The Haunted Fridge

I guess I’m just obsessed with refrigerator projects. So it goes. For my visualization, I wanted to make a game that used the data collected to control some element of the gameplay. I settled on creating a top down shoot-em-up game that used the data to spawn enemies.

For data collection, I wanted to select something that was not continuous (such as the brightness of my room would have been), so that I could use each instance of it happening as another enemy spawn. I settled on using the refrigerator door because I could also check how long the door was open for and get two data points (when it was opened, and for how long) very easily using just the one sensor.

In my previous fridge project, I had inadvertently encouraged bad energy use habits by more or less rewarding the user for opening up their refrigerator for no reason, so with this one, I wanted there to be something of a punishment for leaving the door open longer than necessary. In my game, the time that the door was left open is used to determine how strong the new enemy is.

The look of the game resulted from the housing I used for the sensor. Wile cleaning out my parents’ house, I found an old Halloween decoration that I liked quite a bit.

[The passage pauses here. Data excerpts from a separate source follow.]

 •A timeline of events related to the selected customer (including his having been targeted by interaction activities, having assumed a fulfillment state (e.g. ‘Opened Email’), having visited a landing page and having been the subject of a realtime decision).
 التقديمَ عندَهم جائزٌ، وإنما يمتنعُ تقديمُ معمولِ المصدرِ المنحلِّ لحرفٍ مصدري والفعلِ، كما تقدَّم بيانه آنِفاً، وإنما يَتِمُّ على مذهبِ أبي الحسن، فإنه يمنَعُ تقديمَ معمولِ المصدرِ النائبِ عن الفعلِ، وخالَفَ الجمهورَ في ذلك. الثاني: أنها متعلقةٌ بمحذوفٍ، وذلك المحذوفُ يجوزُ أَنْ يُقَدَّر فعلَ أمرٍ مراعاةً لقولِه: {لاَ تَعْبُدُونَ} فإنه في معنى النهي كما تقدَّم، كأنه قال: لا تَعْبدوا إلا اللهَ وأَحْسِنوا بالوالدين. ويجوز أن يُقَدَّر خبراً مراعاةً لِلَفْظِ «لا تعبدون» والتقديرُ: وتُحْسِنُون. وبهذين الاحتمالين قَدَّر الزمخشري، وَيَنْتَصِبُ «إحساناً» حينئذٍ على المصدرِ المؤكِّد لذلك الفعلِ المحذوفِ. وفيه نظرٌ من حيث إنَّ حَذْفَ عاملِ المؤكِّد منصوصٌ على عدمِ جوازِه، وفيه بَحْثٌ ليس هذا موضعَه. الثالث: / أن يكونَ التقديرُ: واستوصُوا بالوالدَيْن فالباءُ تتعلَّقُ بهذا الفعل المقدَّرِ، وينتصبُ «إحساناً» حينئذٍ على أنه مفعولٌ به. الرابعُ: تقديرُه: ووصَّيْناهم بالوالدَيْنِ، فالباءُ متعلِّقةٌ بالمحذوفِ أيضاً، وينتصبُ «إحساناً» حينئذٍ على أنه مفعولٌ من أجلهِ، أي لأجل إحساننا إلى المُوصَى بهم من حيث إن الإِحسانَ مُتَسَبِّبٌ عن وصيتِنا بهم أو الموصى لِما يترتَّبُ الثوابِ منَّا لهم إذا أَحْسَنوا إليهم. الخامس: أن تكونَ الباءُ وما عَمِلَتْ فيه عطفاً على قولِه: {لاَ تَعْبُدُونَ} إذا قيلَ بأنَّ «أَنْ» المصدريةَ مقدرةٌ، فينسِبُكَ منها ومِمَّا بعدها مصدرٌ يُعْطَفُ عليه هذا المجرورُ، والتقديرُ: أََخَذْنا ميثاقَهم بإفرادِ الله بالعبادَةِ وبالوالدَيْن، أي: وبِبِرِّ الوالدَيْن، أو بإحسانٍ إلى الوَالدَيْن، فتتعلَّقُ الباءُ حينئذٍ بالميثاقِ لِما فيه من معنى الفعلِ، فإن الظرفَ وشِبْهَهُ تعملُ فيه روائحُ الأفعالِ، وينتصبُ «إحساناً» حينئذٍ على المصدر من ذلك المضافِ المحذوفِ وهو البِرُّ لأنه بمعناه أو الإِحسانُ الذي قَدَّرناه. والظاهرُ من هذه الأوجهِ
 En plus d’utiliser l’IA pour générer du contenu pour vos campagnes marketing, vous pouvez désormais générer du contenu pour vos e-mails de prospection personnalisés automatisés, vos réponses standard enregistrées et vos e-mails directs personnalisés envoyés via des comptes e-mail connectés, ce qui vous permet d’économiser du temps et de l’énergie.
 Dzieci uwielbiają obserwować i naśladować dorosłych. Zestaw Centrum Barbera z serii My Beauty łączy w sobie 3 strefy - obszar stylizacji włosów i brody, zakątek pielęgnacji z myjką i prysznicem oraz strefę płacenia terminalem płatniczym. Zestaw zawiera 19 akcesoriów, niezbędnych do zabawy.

The head comes off, so I just used that, cutting a hole in the bottom to allow my sensor to go in there as well as making two small holes in the top to allow the two legs of my photocell to go down into the casing. The photocell itself blends in with the rest of the outside of the devil head very nicely.

The sensor unit is extremely simple, consisting of just the XBee receiver, two AA batteries and the photocell attached to the analog leg of the XBee. The settings of the receiver are pretty much the same as the sleep example from the book, however I set the sample rate to 500 ms and the sleep time to 500ms to allow the unit to be twice as precise with the timing as it would have been with a sample every 1 second. Of course, this means my battery dies twice as fast as well, since the unit needed to wake up each time, but it seemed like a fair trade.

To my surprise, the closed fridge did not impede the signal, and my XBee on the outside was able to comunicate with the devil head in my fridge. I also found that I got about 36 hours out of each pair of batteries.


This greeted me and my girlfriend every time we opened the refrigerator for a few days.

The project uses two Processing sketches: one to log the data and one to play the game. For the data logger, I use a coordinator device plugged into to my computer to receive the values being sent by the receiver. The value from the photocell is checked against a threshold I determined through testing to see if the fridge is dark (meaning the door is closed). If there is a transition from a value bellow the threshold to one above it, the door has been opened, and that time is stored. If there is a transition from above the threshold to bellow, the door has been closed again. The current time is checked against when it was opened, and that data is added to the list of data points along with the time (using the system clock) that the door was first opened.

Periodically, this information is written to a text file, making sure to preserve any readings already in the text file. This allows the computer to be turned off or the processing sketch to be closed without losing data. Of course, no new reading will be made while the sketch is not running.

This seemed to work fairly well, although I did find that a single data point would sometimes be written to the file multiple times for reasons I am unsure of. These had to be manually removed, which was feasible for the few days I ran the sensor, but would obviously not be acceptable if this were a standing unit.

Here’s the sketch
And here is the data I logged.
Every two lines represents an instance of the door opening with the first line showing the date and time, and the second line representing the time in milliseconds that the door was open. Because the sample rate was every 500ms, that is the margin of error in these readings, but for the sake of my game that was just fine.

Speaking of the game, I liked the devil head, and I liked the idea of tying the game to the physical object, so I used it as the enemy in the game. The same devil head that stares you down when you open your fridge will now descend to attack you, which seemed fun. To make it spin, I took a few pictures of it at various angles.

To give the game some pacing, each day of fridge data consists of a single wave of devil heads, which needs to be destroyed before the next wave will arrive. For each wave, the entire day is compressed to a small time. Every time the fridge was opened in this compressed time frame, a new devil appears with its size varying based on the length the door was opened for. When the player shoots them, they shrink slightly, eventually destroying them. Should a devil reach the bottom of the screen, it will reappear at the top, larger and faster than before.

There is also a bar along the side of the screen during waves that indicates when the next enemy will be and how large it will be.